1. An intelligent identification method for risk points in water conservancy projects based on the Internet of Things, characterized in that: The method for intelligently identifying risk points in water conservancy projects based on the Internet of Things includes: Obtaining a regional distribution map of the water conservancy project, deploying multiple sensors in key monitoring areas of the water conservancy project based on the regional distribution map, wherein the sensors collect sensor monitoring data based on a preset collection method and transmit the sensor monitoring data to an Internet of Things gateway, wherein the Internet of Things gateway pre-processes the received sensor monitoring data and classifies and stores the sensor monitoring data in a cloud server based on the key monitoring areas and sensor types; The sensor monitoring data contained in any key monitoring area is set as data to be analyzed, data features related to water conservancy project risk factors are extracted from the data to be analyzed, existing risk point data are labeled based on the data features, a risk identification model is constructed based on the labeled data features, and the risk identification model is deployed to the cloud server; The cloud server receives real-time monitoring data of any of the key monitoring areas, the risk identification model outputs risk identification data based on the real-time monitoring data, performs time series modeling on all the risk identification data to generate a risk prediction model, the risk prediction model outputs the risk factor change results of any of the key monitoring areas within the prediction time, and screens out the first water conservancy risk point in all the key monitoring areas based on the risk factor change results; A causal relationship diagram of all the key monitoring areas is constructed based on the regional distribution map, and the causal relationship strength is quantified and generated in the causal relationship diagram based on the correlation of the water conservancy project risk factors. The second water conservancy risk point is screened out in all the key monitoring areas based on the causal relationship strength, and the first water conservancy risk point and the second water conservancy risk point are summarized based on the water conservancy project risk factors to generate a risk point list.

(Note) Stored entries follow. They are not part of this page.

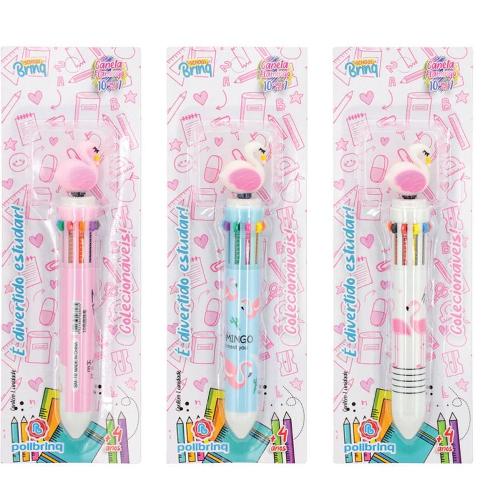 A Caneta Multicolorida Flamingos e perfeita para quem busca praticidade e estilo. Com 10 cores em um unico corpo e um flamingo fofo na ponta, e ideal para dar um toque especial as suas atividades diarias.
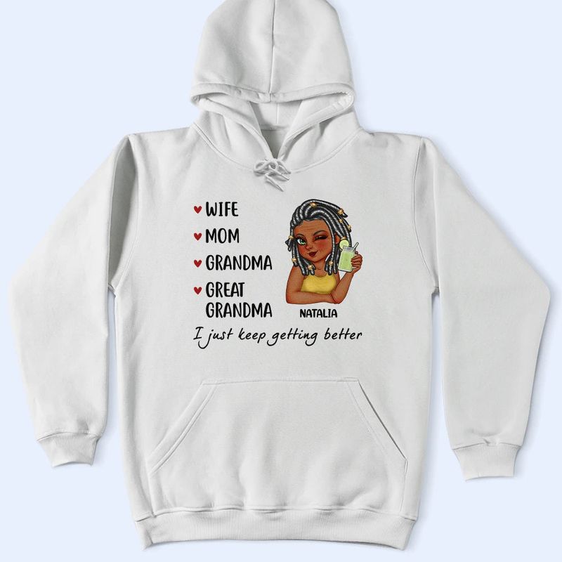 Celebrate the beautiful journey of motherhood with the Mom Grandma Great Grandma I Just Keep Getting Better - Personalized T Shirt! This unique and heartfelt gift is perfect for moms and grandmas who embrace every stage of life with love and wisdom. Personalized with her name, this meaningful and cherished tee is a beautiful reminder of the legacy she has built.
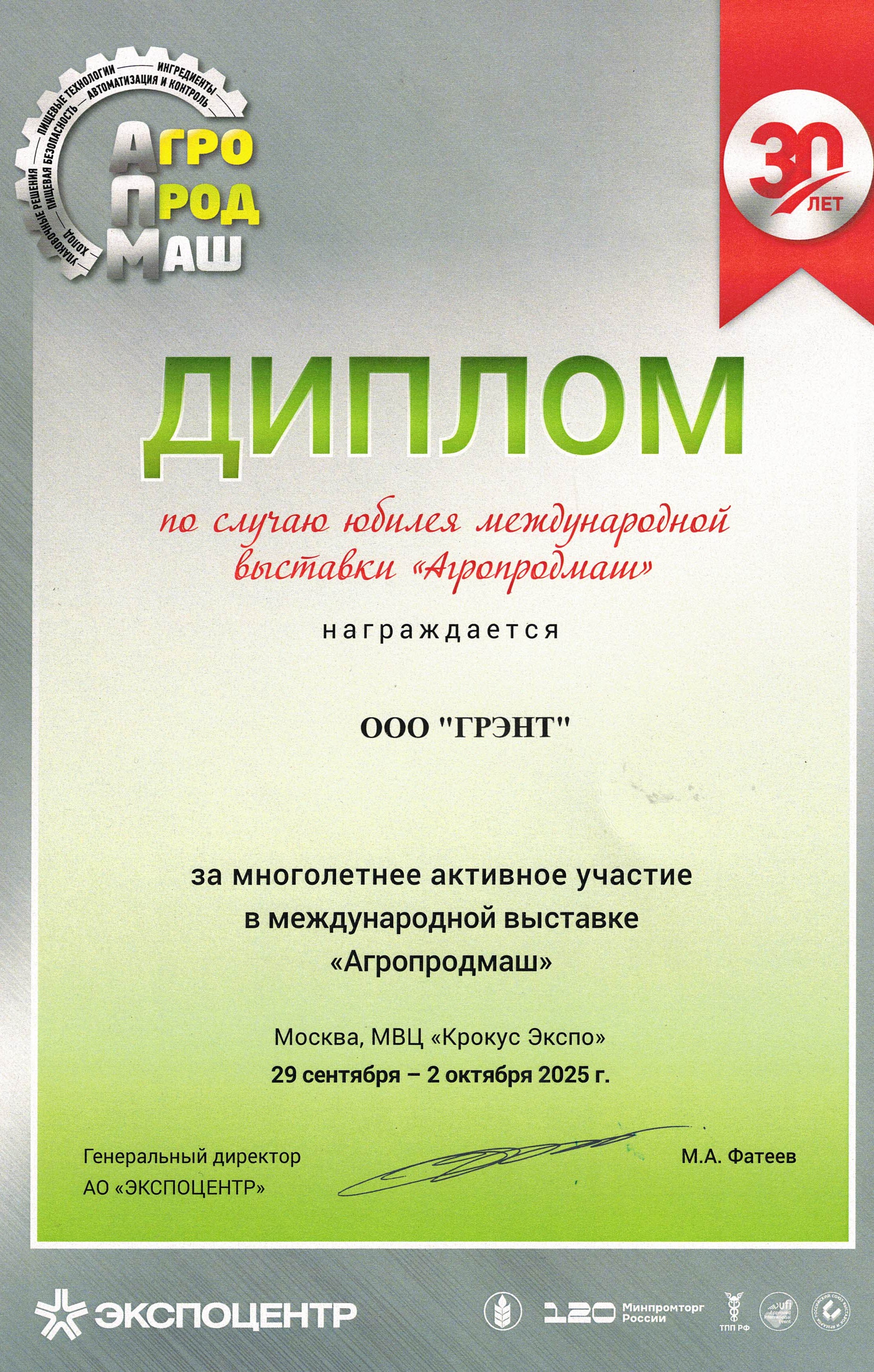 Диплом участника международной выставки "АгроПродМаш-2025"

2. The method for intelligently identifying risk points of water conservancy projects based on the Internet of Things according to claim 1 is characterized in that: The transmitting the sensor monitoring data to the Internet of Things gateway includes: Connecting all the sensors and the IoT gateway to the same IoT network, configuring communication parameters for the sensors, and setting unique node IDs for all the sensors and the IoT gateway; When collecting and generating the sensor monitoring data, the sensor checks whether there is valid routing information to reach the Internet of Things gateway. If so, the sensor monitoring data is transmitted to the Internet of Things gateway based on the arrival path of the valid routing information. If not, an optimal path is generated in the Internet of Things network, and the sensor monitoring data is transmitted to the Internet of Things gateway based on the optimal path.

3. The method for intelligently identifying risk points of water conservancy projects based on the Internet of Things according to claim 2 is characterized in that: Generating an optimal path in the Internet of Things network includes: The sensor transmits the routing request information to all neighboring nodes; After receiving the routing request information, the adjacent node checks whether the routing request information has passed through the current node. If the current node is the destination node corresponding to the IoT gateway, the response processing phase is entered. Otherwise, the ID tag of the current node is added to the request tag corresponding to the routing request information, and the routing request information is transmitted to the remaining adjacent nodes. After receiving the routing request information, the destination node generates routing response information and adds its own node ID to the routing response information. The routing response information is returned to the sensor in the opposite direction of the routing request information. After receiving the routing response information, the intermediate node extracts the label information, generates an extended label, adds the extended label to the routing response information, and continues to send the routing response information to the sensor. The intermediate node uses the received label information as the basic label and generates a new extended label for the next node; After receiving a plurality of the routing response messages, the sensor sets the path represented by the longest tag information as the optimal path based on the tag length.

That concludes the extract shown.